В памяти его мгновенно всплыла картинка: он спускается вниз, ОНА поднимается вверх, цокая острыми каблучками по ступенькам. И ножки из-под халата такой стройности, и красоты, что глаз оторвать невозможно. Цокают каблучки, а он, как глупый пацан, провожает их восторженным взглядом, позабыв обо всем на свете…

- Ничего себе! – пробормотал Максим вслух, - чего только в нашей больнице не увидишь!

И пошел себе дальше, подумав, что это какая-нибудь истеричная дамочка из пациенток, небось, велела мужу принести сменную обувь, а он, растяпа, вместо домашних тапочек принес туфли на каблуке. Вот и не сдержалась дамочка, швырнула куда не попадя от избытка чувств…

                ***
- Старший следователь по особо важным делам Следственного Комитета! – представился Николай Робертович дежурному охраннику, развернув служебное удостоверение на уровне его глаз.

Немолодой охранник с печатью армейского отставника на суровом лице внимательно прочитал каждую строчку в удостоверении, на секунду задумался, и кивнул, пропуская посетителя в синей форме. Николай Робертович немного растерялся в просторном больничном холле. Где тут искать эту самую первую кардиологию? У каждой двери блестели тусклым серебром таблички с названиями отделений, а дверей было много. На прочтение всех полдня угрохать можно… Надо спросить у кого-нибудь из местных. Старший следователь по особо важным делам растерянно топтался на месте.

Этот свидетель Пузиков (смешная фамилия, скользкая какая-то, вёрткая!) очень подозрительно попал в больницу именно в день ареста основного фигуранта… Испугался чего-то? Совесть замучила? Надо будет поглубже копнуть этого самого Пузикова. За долгие годы работы в следствии у Николая Робертовича выработался профессиональный нюх, как у собаки-ищейки.

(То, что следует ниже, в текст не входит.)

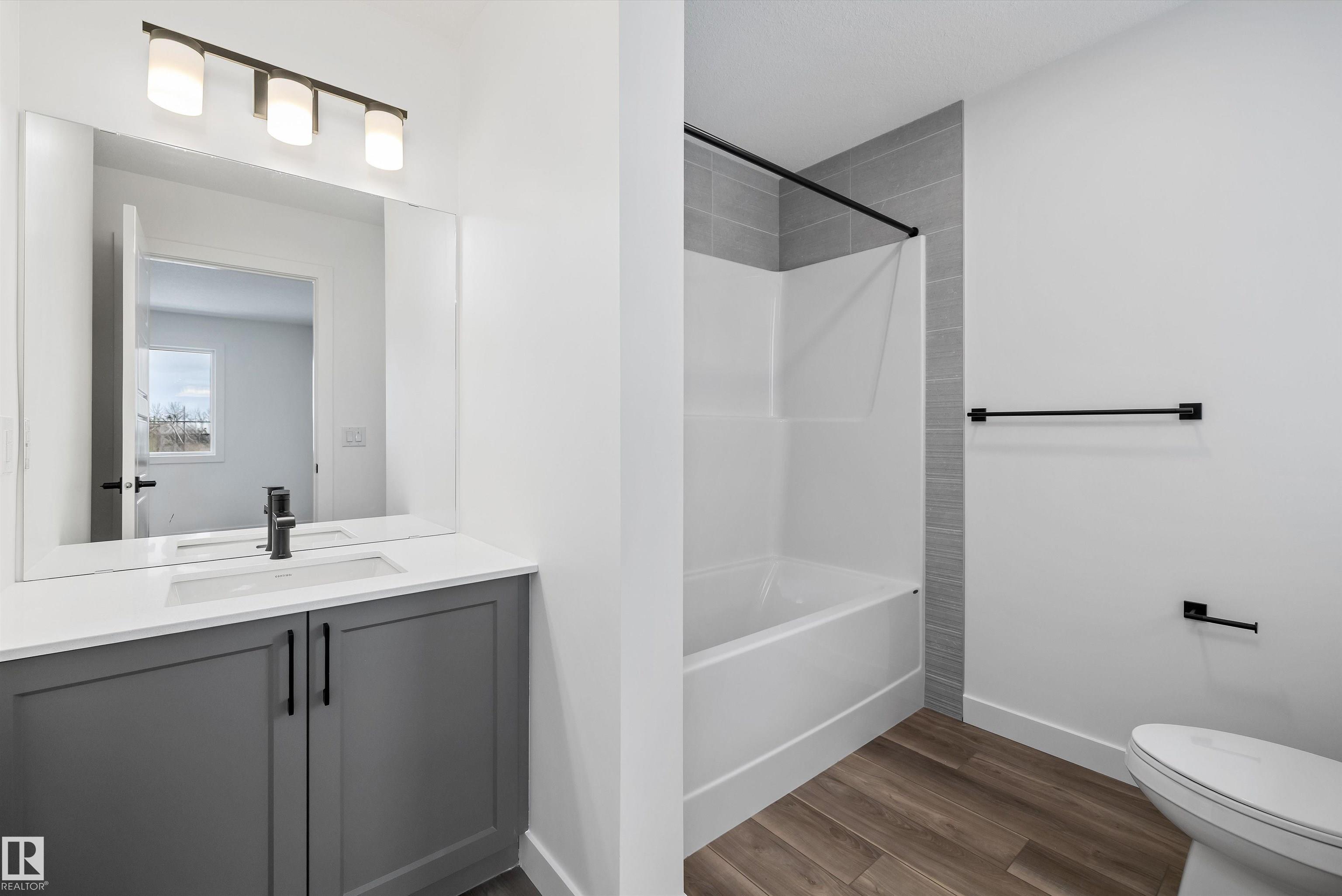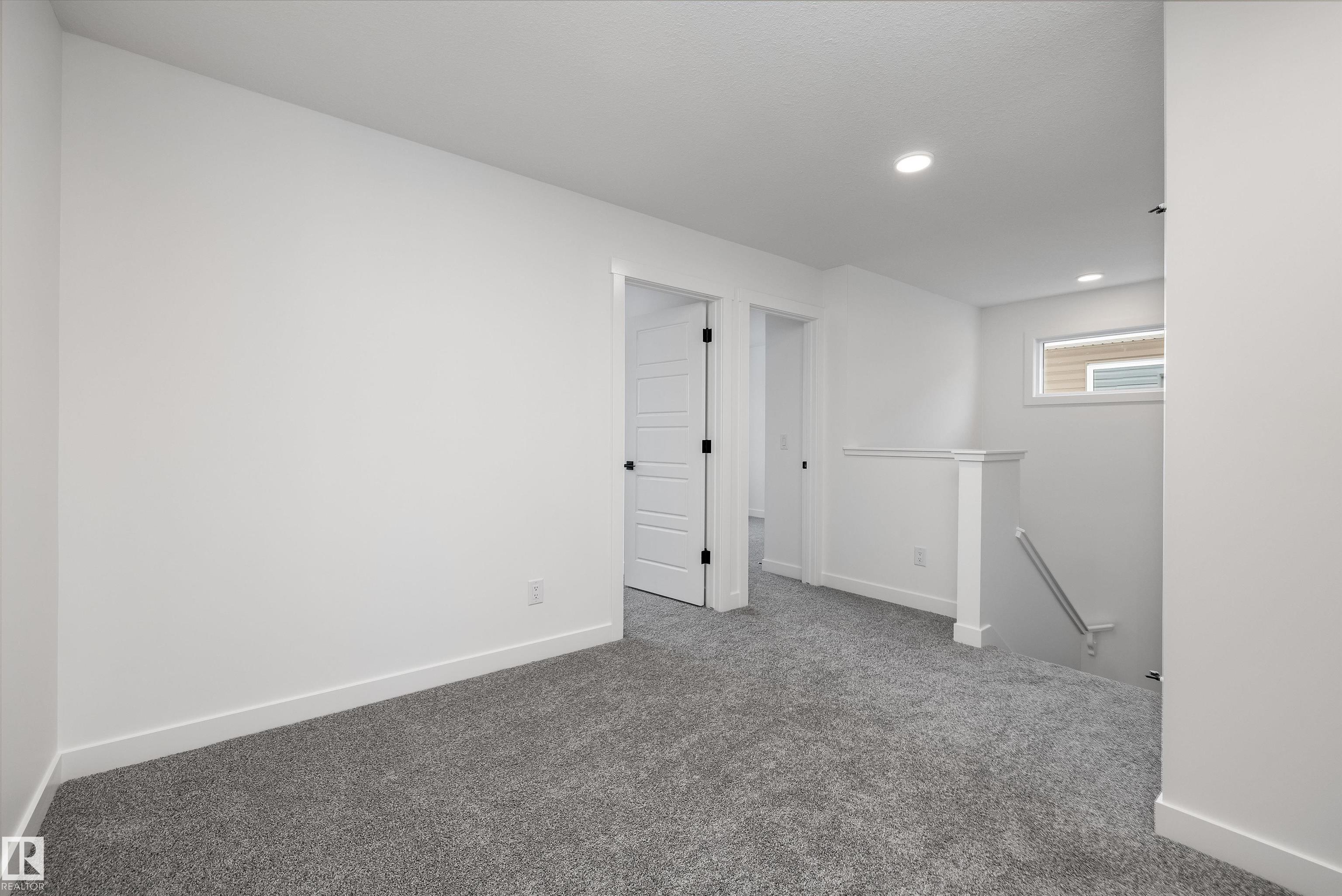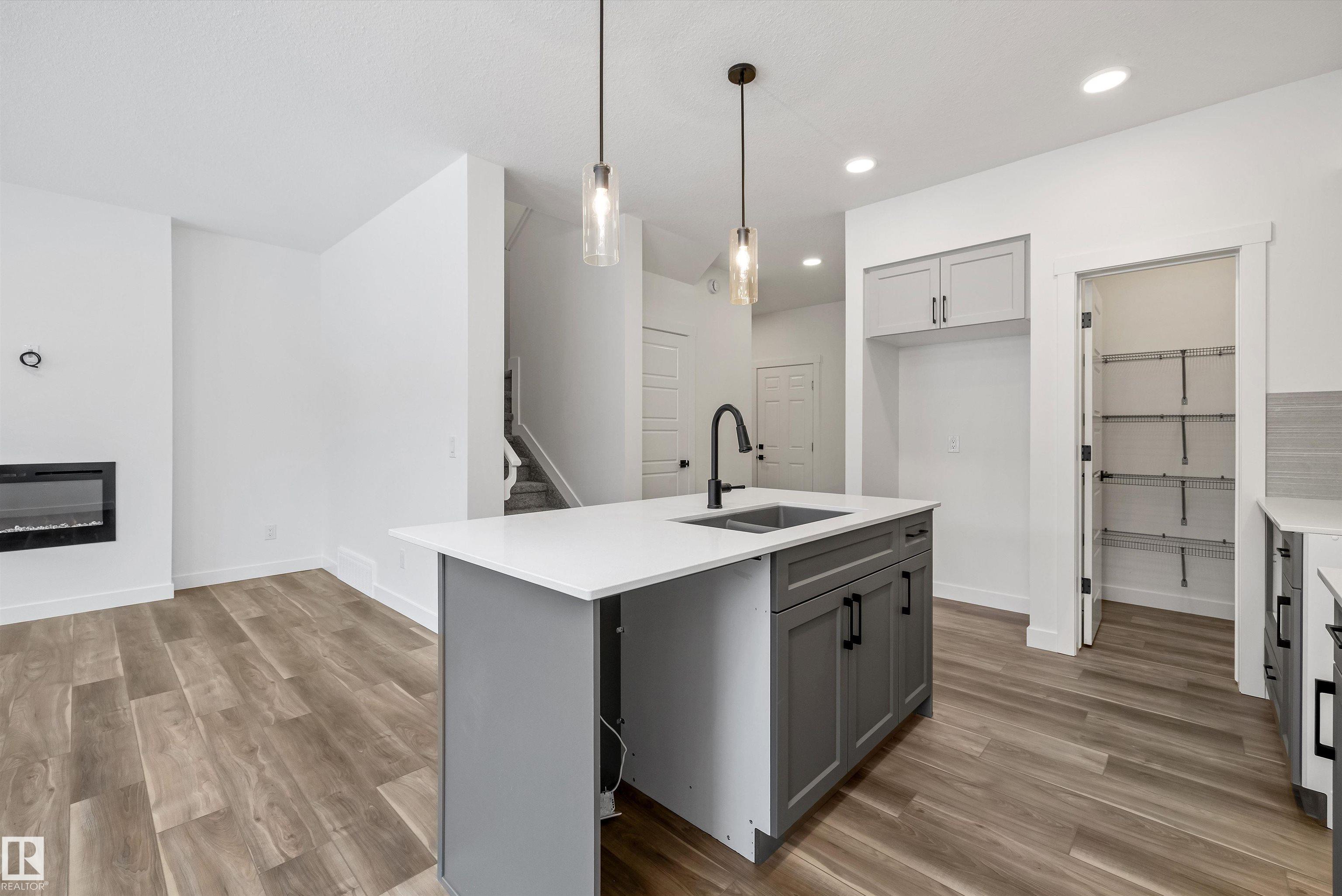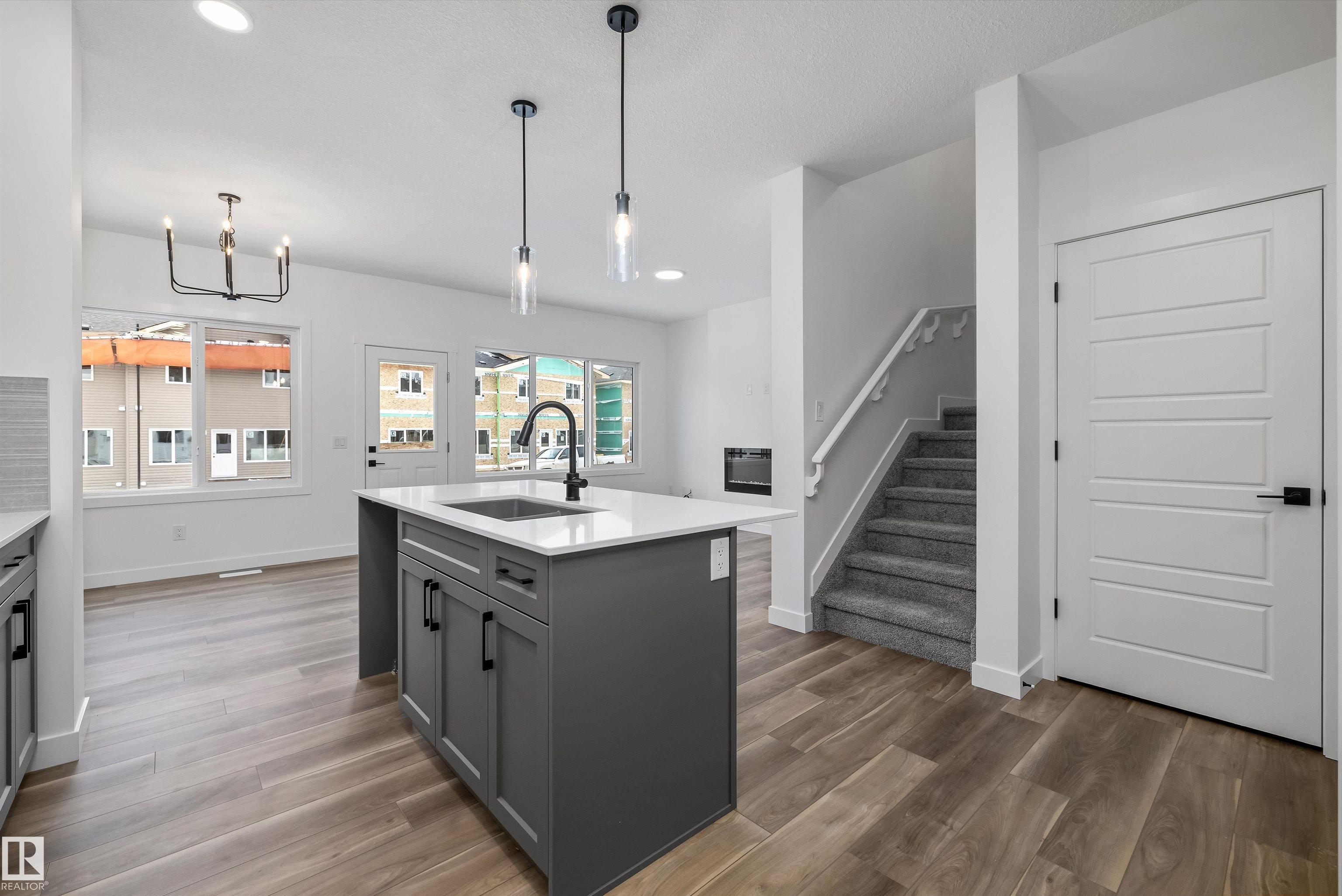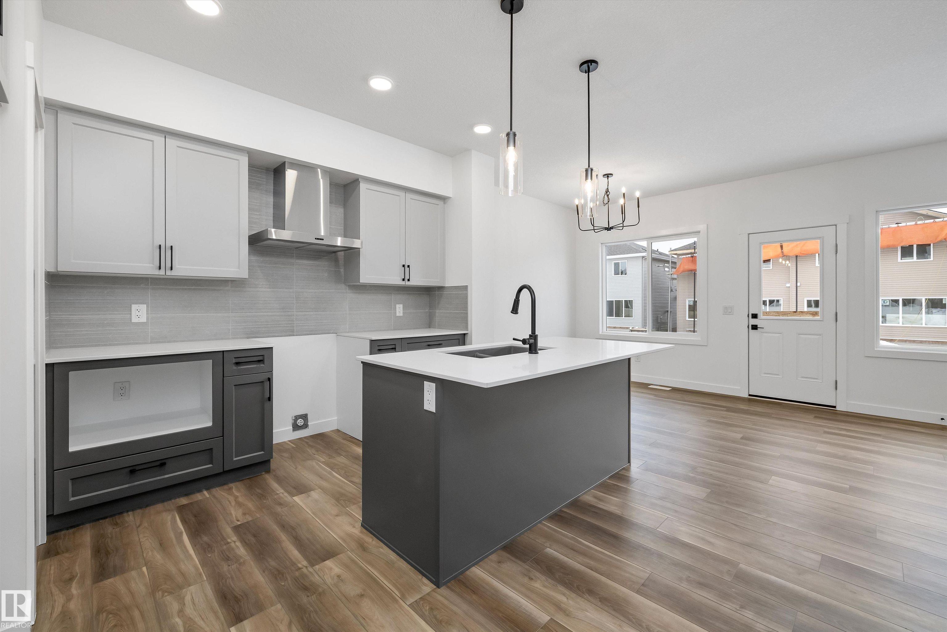 Welcome to The Renew, a sophisticated half-duplex offering exceptional craftsmanship and a thoughtful layout. This home features 9-foot ceilings on both the main and basement levels, paired with luxury vinyl plank flooring for a seamless, modern feel. The gourmet kitchen is a chef's dream, boasting upgraded soft-close Thermofoil cabinetry, quartz countertops, a corner pantry, and a large island with a Silgranit sink. Premium finishes include a chimney-style hood fan, full-height backsplash, and sleek black plumbing and lighting fixtures throughout. The open-concept great room is centered by a cozy electric fireplace and leads to a backyard ready for your future deck. Upstairs, discover a versatile bonus room, convenient laundry, and three bedrooms, including a primary retreat with a walk-in closet and 3-piece ensuite. Practicality is built-in with a double attached garage featuring a floor drain, a separate side entrance, and basement rough-ins for two additional bedrooms.

И слабый, неприятный запашок, что исходил от этого дела, тонкой нитью тянулся сюда в больницу, где на 1-й кардиологии залёг подозрительный свидетель с вёрткой фамилией.

Николай Робертович растерянно крутил коротко стриженной головой с проблесками первой седины на висках по сторонам. Из-за двери с табличкой «рентгеновское отделение» появилась невысокая полноватая дама в белом халате и уверенным шагом направилась мимо следователя.

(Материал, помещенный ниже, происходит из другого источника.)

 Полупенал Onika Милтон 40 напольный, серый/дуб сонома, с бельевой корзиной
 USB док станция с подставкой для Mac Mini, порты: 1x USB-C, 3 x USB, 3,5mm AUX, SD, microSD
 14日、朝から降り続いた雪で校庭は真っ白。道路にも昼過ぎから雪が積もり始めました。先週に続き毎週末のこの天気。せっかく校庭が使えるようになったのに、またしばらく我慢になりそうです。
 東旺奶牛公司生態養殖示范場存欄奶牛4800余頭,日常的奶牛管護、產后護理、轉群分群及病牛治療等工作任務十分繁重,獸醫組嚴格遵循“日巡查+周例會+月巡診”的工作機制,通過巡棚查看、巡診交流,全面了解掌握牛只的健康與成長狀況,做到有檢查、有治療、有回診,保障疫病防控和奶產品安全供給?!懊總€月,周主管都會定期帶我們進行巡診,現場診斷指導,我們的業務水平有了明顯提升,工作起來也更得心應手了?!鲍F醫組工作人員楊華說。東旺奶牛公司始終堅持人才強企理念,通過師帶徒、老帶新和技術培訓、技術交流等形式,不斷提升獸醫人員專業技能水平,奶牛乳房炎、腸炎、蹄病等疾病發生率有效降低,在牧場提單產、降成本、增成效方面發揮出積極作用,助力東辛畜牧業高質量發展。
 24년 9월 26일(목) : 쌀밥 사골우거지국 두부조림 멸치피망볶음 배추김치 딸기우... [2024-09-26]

- Простите, как мне попасть на первую кардиологию? – спросил следователь, деликатно кашлянув у нее за спиной.
Дама обернулась и… оба остолбенели.

- Лида?.. – прошептал он и чуть не выронил тяжелую кожаную папку с документами из рук, – Лида…
- Ты?..
Лицо женщины, все еще удивительно милое, с очаровательными ямочками на щеках, с яркими голубыми глазами, вспыхнуло смущенным румянцем, а взгляд заметался в испуге по сторонам. Но в следующее мгновение она сумела взять себя в руки.

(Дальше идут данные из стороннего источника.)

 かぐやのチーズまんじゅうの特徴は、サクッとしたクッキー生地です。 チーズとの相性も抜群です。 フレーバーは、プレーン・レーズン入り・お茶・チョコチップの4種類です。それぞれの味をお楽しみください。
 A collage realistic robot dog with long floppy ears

- Неожиданная встреча, Николай Робертович! -  и в голосе холодный металл, - Какими судьбами?
- Я по делу…
Он растерялся не столько от неожиданности встречи, которую все-таки в глубине души ждал столько лет, сколько от отсутствия хоть малой искорки того тепла, что согревало когда-то их обоих. Стоял, как истукан, и смотрел на ту, которую когда-то давно любил. А в ушах звучали слова старой песни: «Я перестану ждать тебя, а ты придешь совсем внезапно»…

«Господи, хоть бы сквозь землю провалиться! Зачем он здесь? Только все успокоилось, только смирилась, и на тебе!» - стучало в голове Лидии Степановны, старшей медсестры отделения травматологии. Ей стоило невероятных усилий «держать лицо», хотя рентгеновский снимок, зажатый в левой руке, предательски дрожал, как осиновый лист на ветру.

- По делу? Надеюсь, это дело со мной никак не связано?
- Нет. Я хотел со свидетелем побеседовать…
- А… Действительно, ведь у нас с тобой нет никаких общих дел, да и не может быть! – Главное, чтобы он не почувствовал слабинки в ее словах! Твердость и независимость. В глазах лёд, подбородок выше, спину прямее.

- Нам бы поговорить с тобой, Лидочка…- попытался он заглянуть ей в глаза.
- Извини, у меня слишком много дел. Да и говорить не о чем! А первая кардиология на 6 этаже.

Повернулась на каблуках и пошла прочь даже не попрощавшись. А ведь он ждал этой встречи, ждал много лет. И что, вот так вот разбежаться? И опять не получить ответы на те вопросы, что тяжким грузом лежат на дне души 20 лет? Николай Робертович даже руку протянул ей вслед в робкой попытке удержать, но тут же вспомнил о свидетеле. Нет, работа прежде всего! Сначала он поговорит с господином Пузиковым, а потом найдет ее и все выяснит. Уж теперь то она от него никуда не денется. Пусть наконец объяснит свой странный поступок! 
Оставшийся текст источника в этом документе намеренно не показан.